What followed was an intense and months-long process of written questionnaires, essay-writing and interviews with conference rooms full of men in suits. Nineteen sixty-seven was the height of the Vietnam war and there was much anti-American sentiment around the world. I was questioned extensively about how I will react if and when I’m challenged about our involvement in Indochina.

And it’s one, two, three
What are we fighting for?
Don’t ask me, I don’t give a damn
Next stop is Vietnam;
And it’s five, six, seven
Open up the pearly gates
Well there ain’t no time to wonder why
Whoopee! we’re all gonna die —– Country Joe and the Fish, 1967

I must have given appropriately diplomatic answers because I was accepted into the program and in the summer of 1968 I flew to Sweden to begin a year of study abroad. During the year I was challenged, not often, but always aggressively and I was in the unenviable position of being 17 years old and having to defend a country I love about our involvement in a war I disagreed with as I was still grappling with understanding the dynamics of world politics, the “threat” of communism and what that meant to America.

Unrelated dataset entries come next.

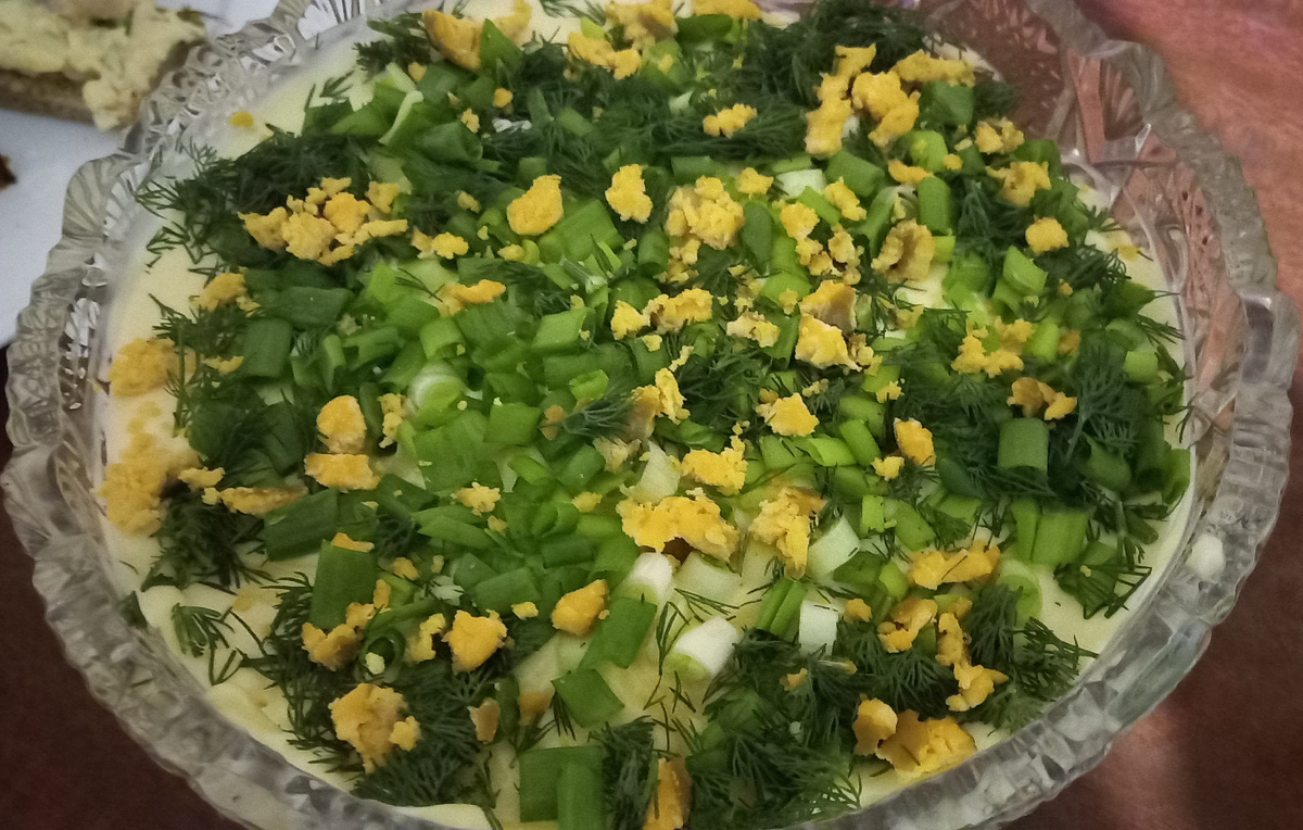 Вареную куриную грудку отвариваем и выкладываем первым слоем в салатницу или в кулинарное кольцо. Сверху - сеточка из майонеза. Далее - слой тертых вареных яиц, далее слой жареных шампиньонов с репчатым луком, сеточка из майонеза. Далее слой тертого сыра, сеточка из майонеза. Сверху слой нарезанной мелко зелени - зеленого лука и укропа, и немного желтка одного яйца. Салатик готов!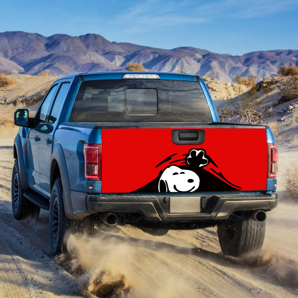 Snoopy Peek Under The Blanket Red Truck Tailgate Decal Sticker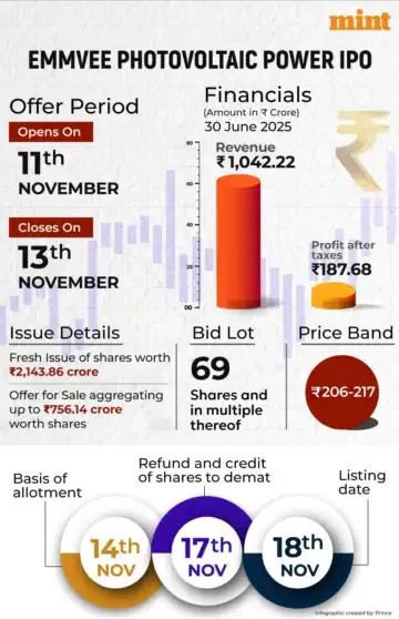 Emmvee Photovoltaic share price today will be available for trade from 10:00 IST.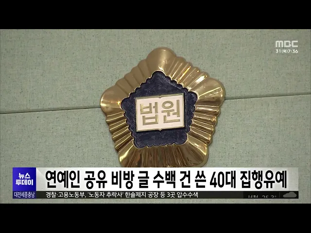 뉴스투데이 뉴스데스크뉴스투데이뉴스데스크 VOD(전체 다시보기)뉴스투데이 VOD(전체 다시보기)유튜브뉴스페이스북 뉴스카카오톡 뉴스인스타그램 뉴스 prev 2025.7.31 - 목요일 next 서산 드론 자유화 특례 2년 연장⋯"드론 산업 활성화" 서산시가 드론 자유화 구역으로 재지정돼, 드론 비행 관련 각종 규제 면제 등의 특례가, 2027년 6월까지 2년 연장됐다고 밝혔습니다. 지난 2023년 처음 드론 자유화 구역으로 지정된 서산시는 특별비행 승... 김지훈 카이스트, '빛 에너지' 활용 무선 웨어러블 플랫폼 개발 '빛 에너지'를 활용해 의료용 웨어러블 기기의 소형·경량화 과제를 극복할 '무선 웨어러블' 플랫폼을, 국내 연구진이 개발했습니다. 카이스트 권경하 교수 연구팀은 미국 노스웨스턴대와의 공동 연구를 통... 박선진 '관리 책임 한화로'..계약 변경 추진 논란/투데이 ◀ 앵 커 ▶ 복도 천장에서 간판이 떨어지는 등의 안전사고가 잇따르고 있는 대전한화생명볼파크. 야구장을 관리하는 대전시가, 정부가 지시한 안전 점검을 허술하게 진행했다는 의혹을 어제 단독으로 전해... 이승섭 대전시, 0시 축제 앞두고 다중이용시설 음식점 점검 대전시가 다음 달 8일부터 열리는 '대전 0시 축제'를 앞두고, 안전한 먹거리를 위한 관리를 강화합니다. 이에 따라 어제부터 사흘 동안 대전역과 복합터미널 등 다중이용시설 60곳에 있는 음식점을 대상으... 이승섭 대전시, 다음 달 대전사랑카드 캐시백 10% 확대 대전시의 지역화폐인 대전사랑카드의 캐시백이, 다음 달 한 달 동안 기존 7%에서 10%로 늘어납니다. 이에 따라 대전사랑카드를 사용하면 월 충전 한도인 50만 원을 기준으로 최대 5만 원의 적립금 혜택을 ... 이승섭 보건의료노조·장철민 "대전시가 의료 파업 해결 나서야" 보건의료노조와 장철민 국회의원이 대전시청 앞에서 기자회견을 열어, 대전 공공어린이 재활병원을 비롯한 지역 의료 파업 사태 해결에, 대전시가 적극 나서야 한다고 촉구했습니다. 이들은 "대전시가 안... 이승섭 "또 쓰러진 농민들"..죽음 부르는 농촌 폭염/투데이 ◀ 앵 커 ▶ 기후위기 속 '폭염 불평등' 실태를 분석하는 기획보도 다섯 번째 순서입니다. 연일 이어지는 폭염으로, 올해만 충남에서 2명이 온열질환으로 숨졌는데요. 실제 지난 5년간 자료를 분석해 보니, ... 김광연 "한전 송전선로 사업 적법"⋯2심 판결에 금산 주민 반발 한전이 추진하는 전북 정읍에서 계룡시를 잇는 송전선로 건설 사업이 적법하다는 법원의 판결이 나온 가운데, 금산 주민들이 반발하고 있습니다. 금산군 대책위원회는 기자회견을 열어 "한전이 법이 아닌 ... 이혜현 자신 폭행한 장애 동생 살해한 50대 누나 '징역 12년' 대전지법 천안지원 형사1부 전경호 부장판사가, 자신을 폭행했다는 이유로 하반신 장애가 있는 동생을 살해한 혐의로 기소된 50대 여성에게, 징역 12년을 선고했습니다. 피고인은 지난 1월 천안 자택에서,... 김성국 뇌성마비 조카 수급비 4천만 원 가로챈 외삼촌 구속 서산경찰서가, 뇌성마비 중증 장애가 있는 조카의 복지 급여 수천만 원을 가로챈 혐의로, 외삼촌을 구속 송치했습니다. 회사원인 피의자는 지난 2021년 11월부터 최근까지 조카의 기초생활수급비 4천여만 ... 김성국 "공유에게 겁박당했다" 허위 글 수백 건 쓴 40대 징역형 집유 대전지법 형사5단독 장원지 판사가, 유명 연예인인 공유에게 감시와 협박, 성희롱 등을 당했다고 주장하는 게시글과 댓글 수백 건을 작성한 40대 여성에게, 징역 6개월에 집행유예 2년을 선고했습니다. 피... 김지훈 대전서 '교제 살인' 20대 검거.."불원서 한 장이면 수사 중단"/투데이 ◀ 앵 커 ▶ 대전 도심 한복판에서, 사귀던 30대 여성을 흉기로 살해한 20대 남성이, 도주 24시간 만에 경찰에 검거됐습니다. 이 남성은 최근 한 달 전까지, 피해 여성을 상대로 한 주거침입과 폭행 등으로 ... 윤소영 전국시도교육감협, 지방교육재정 안정화 건의 전국 시도교육감협의회가 국정기획위 국가균형성장 특별위원회 박수현 위원장을 만나, 지방교육재정 안정화 방안 등 4대 교육 과제를 건의했습니다. 이들은 특히 지방교육 재정이 학생 맞춤형 교육 지원과... 문은선 이재명 정부 첫 시·도지사 간담회 예정..세종시장 조기 귀국 다음 달 1일 이재명 대통령과 전국 17개 시·도지사가, 서울 용산 대통령실에서 새 정부 들어 첫 간담회를 갖습니다. 해외 출장 중인 최민호 세종시장은 일정을 하루 앞당겨 오늘 귀국해 간담회에 참석할 ... 문은선 '전국 최고 공실률' 세종시, 상가 허용 업종 대폭 확대 중대형 상가 공실률이 25.2%로 전국에서 가장 높은 세종시가, 상가 공실 해소를 위해, 허용 업종을 크게 늘리는 쪽으로 지구단위계획을 변경했습니다. 이에 따라 간선급행버스체계 상가와 수변상가에는 운... 문은선 충청에 CTX 2개 노선 추진? "지역 운영비 등 부담"/투데이 ◀ 앵 커 ▶ 여러분 안녕하십니까 뉴스투데이 대전세종충남입니다. 충청권을 1시간 이내로 연결하는 광역급행철도 CTX 사업은, 이재명 대통령의 지역 핵심 공약 중 하나로, 충청권 메가시티를 염두에 두고 ... 문은선
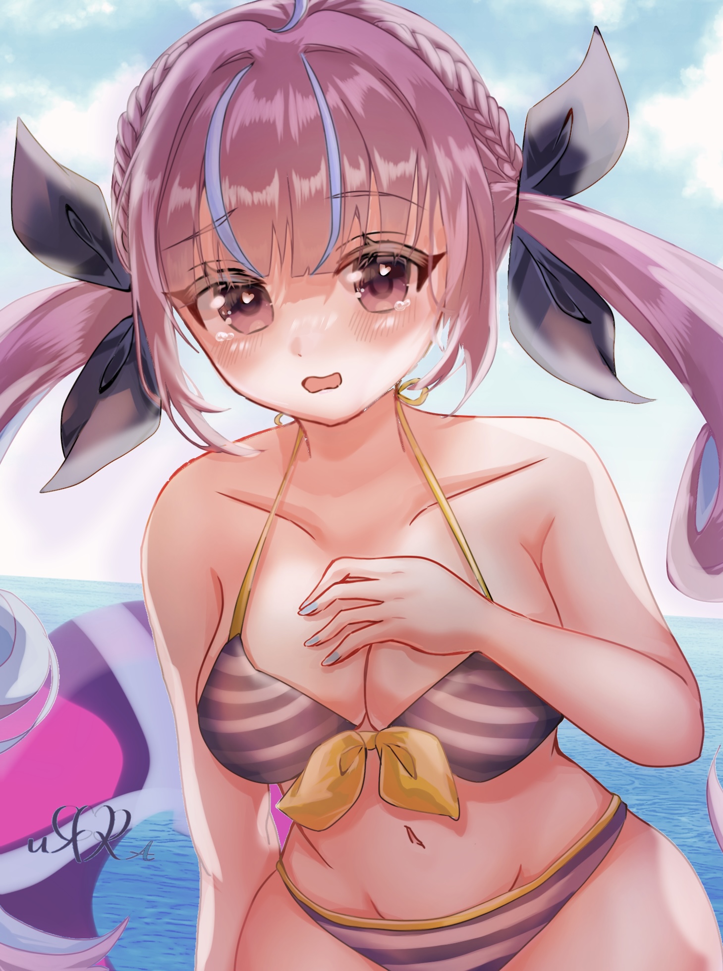 1girlbikiniblue bikiniblue skyblue streaksbraidbreastscleavagecollarbonecowboy shotdayfront-tie bikini topfront-tie tophalterneckhand on own chestlarge breastslong hairlooking at viewermulticolored hairnavelofficial alternate costumeopen mouthoutdoorspurple eyespurple hairrina xx203skysolostreaked hairstriped bikinistriped clothesswimsuittearing uptwintailsvirtual youtuber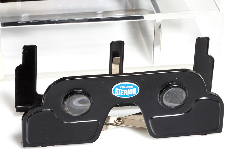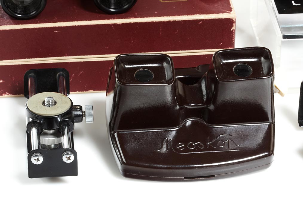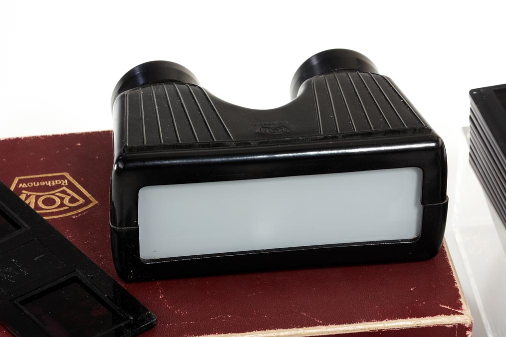 group of four viewers in very good condition (1) ROW Rathenow Bakelite slide-viewer, (2) ‘Velbon Sterion’ folding pocket stereoscope with the matching sledge for making stereo pictures with a regular camera, (3) first model Meoskop made of brown Bakelite, (4) modern French metal slide viewer 'Zacoscope' in acrylic glass box and with 10 slides with views of Paris. (4)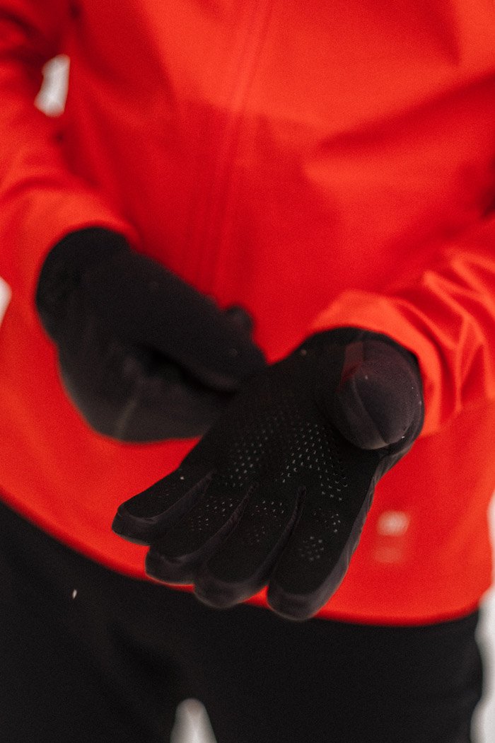 Теплые зимние перчатки для тренировок в холодную морозную погоду. Для защиты от ветра внешняя ткань выполнена из ветрозащитной мембраны, а внутри располагается утеплитель из мягкого легкого флиса. Ладонь изготовлена из износоустойчивой ткани, на поверхность которой нанесен силиконовый принт для хорошего сцепления. Перчатки оснащены карабинами для удобного хранения в паре. На внешнюю сторону нанесены светоотражающие элементы, повышающие безопасность тренировок в темное время суток.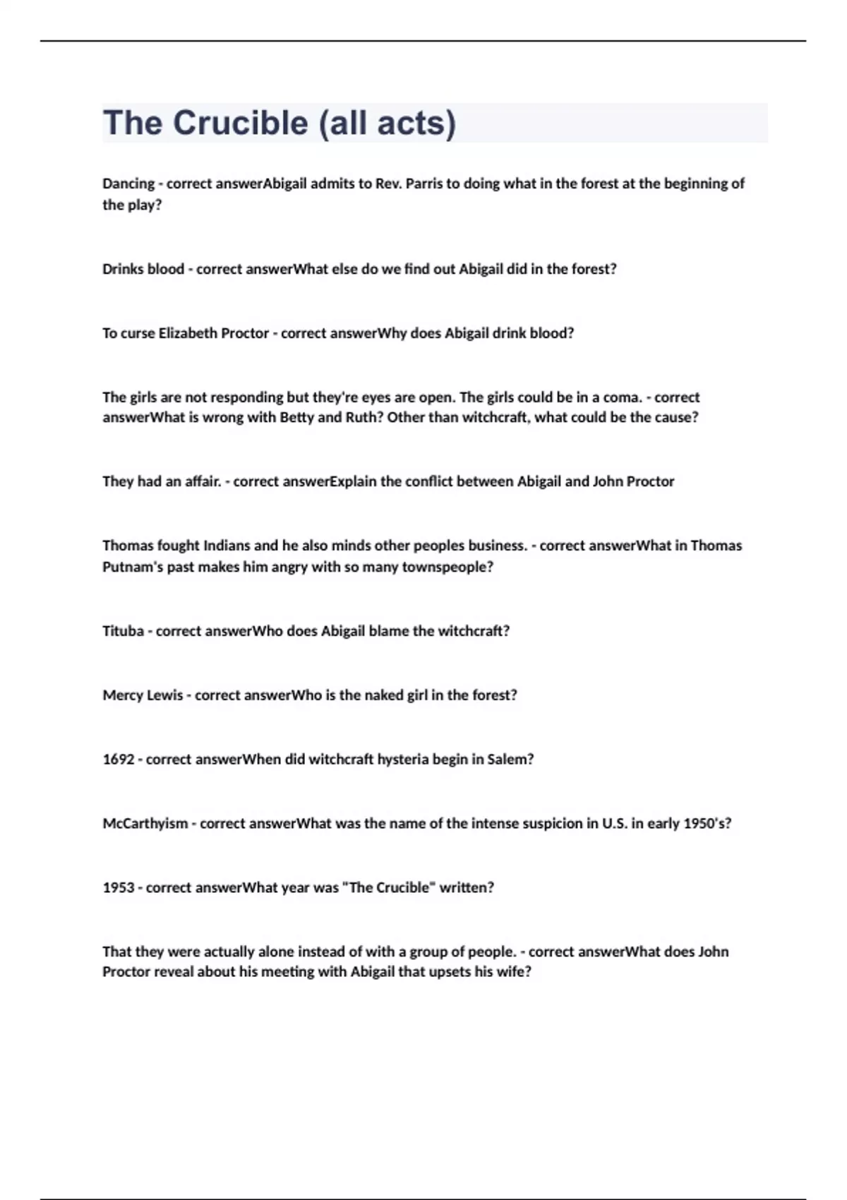the play? Drinks blood - correct answerWhat else do we find out Abigail did in the forest? To curse Elizabeth Proctor - correct answerWhy does Abigail drink blood? The girls are not responding but they're eyes are open. The girls could be in a coma. - correct answerWhat is wrong with Betty and Ruth? Other than witchcraft, what could be the cause? They had an affair. - correct answerExplain the conflict between Abigail and John Proctor Thomas fought Indians and he also minds other peoples business. - correct answerWhat in Thomas Putnam's past makes him angry with so many townspeople? Tituba - correct answerWho does Abigail blame the witchcraft? Mercy Lewis - correct answerWho is the naked girl in the forest? 1692 - correct answerWhen did witchcraft hysteria begin in Salem? McCarthyism - correct answerWhat was the name of the intense suspicion in U.S. in early 1950's? 1953 - correct answerWhat year was "The Crucible" written? That they were actually alone instead of with a group of people. - correct answerWhat does John Proctor reveal about his meeting with Abigail that upsets his wife? A poppet - correct answerWhat does Mary Warren make for Elizabeth Pro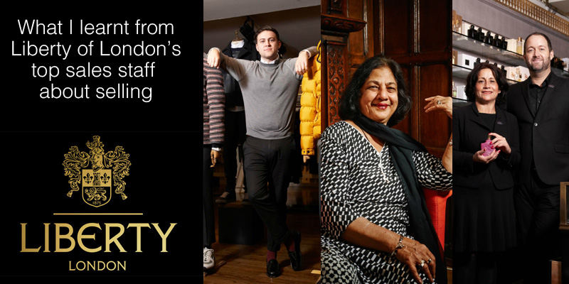 None of the top sellers at Liberty of London felt like they were forcing the sale or being pushy. It all felt very natural and easy and customer focussed. All of them had a natural approach to selling.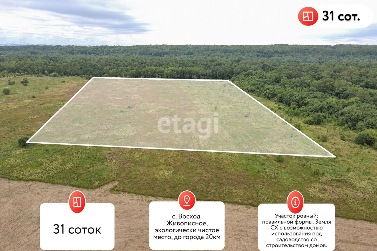 Предлагается к продаже земельный участок, площадью 3,1 Га, расположенный по адресу: Хабаровский край, Хабаровский район, с. Восход, ул. Центральная, земли АКХ Краснореченская сельскохозяйственного назначения.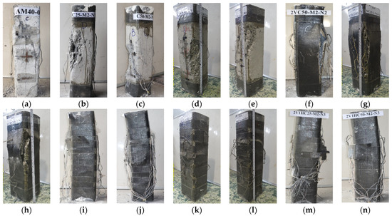 Failure modes of the tested columns; (a) 00-00; (b) 00-25; (c) 00-50; (d) 00-2525; (e) 00-5050; (f) 10C50; (g) 10C2525; (h) 10C5050; (i) 1iC25; (j) 1iC50; (k) 1iC2525; (l) 1iC5050; (m) 11C25; (n) 11C50.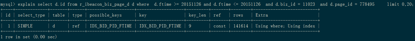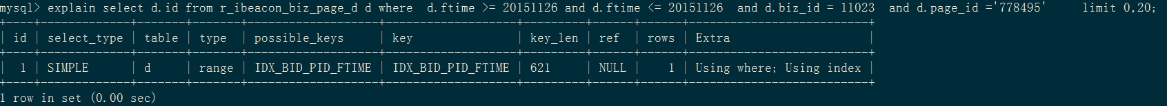 然后执行“desc r_ibeacon_biz_page_d”,查看表结构的索引字段,突然发现page_id的类型怎么是varchar,再看SQL中page_id=11023。突然意识到了什么,此时刚好违反索引匹配的第四条规则。更改SQL“page_id=11023”为“page_id=‘11023’”验证,如下

Some folks are born made to wave the flag
Ooh, they’re red, white and blue
And when the band plays “Hail to the chief”
Ooh, they point the cannon at you, Lord
It ain’t me, it ain’t me, I ain’t no senator’s son, son
It ain’t me, it ain’t me, I ain’t no fortunate one, no —- Credence Clearwater Revival, 1969

Vietnam was the first televised war and the film footage on the nightly news was terrifying. Vietnam was halfway around the world. The people and landscape were profoundly different from what most of us knew of the world before satellite communication and the internet. Unlike World War II this was guerrilla warfare in the jungle against people who were defending their country to the death against alien invaders using tactics that our leaders portrayed as barbaric. At home, rising anti-war sentiment split the country in two, mostly along generational lines.

War! (huh good god, y’all)
What is it good for?
Absolutely nothing! (say it again)

War! (whoa, lord)
What is it good for?
Absolutely nothing! —– Edwin Starr, 1970

All of this was the inescapable context of our teen and early adult years and left its painful mark on my American generation, regardless of political ideology. And it’s this long buried scar that suddenly flared up as we stepped off the plane into the jetway in Saigon. I was hit with a wall of sadness and an internal soundtrack of the Ride of the Valkyrie, Fortunate Son and the whap-whap-whap of a Huey that nearly buckled my knees and brought me to tears. I looked over at Jack and saw the same struggle on his face yet everyone around us appeared normal and stepped quickly towards the scrum at passport control.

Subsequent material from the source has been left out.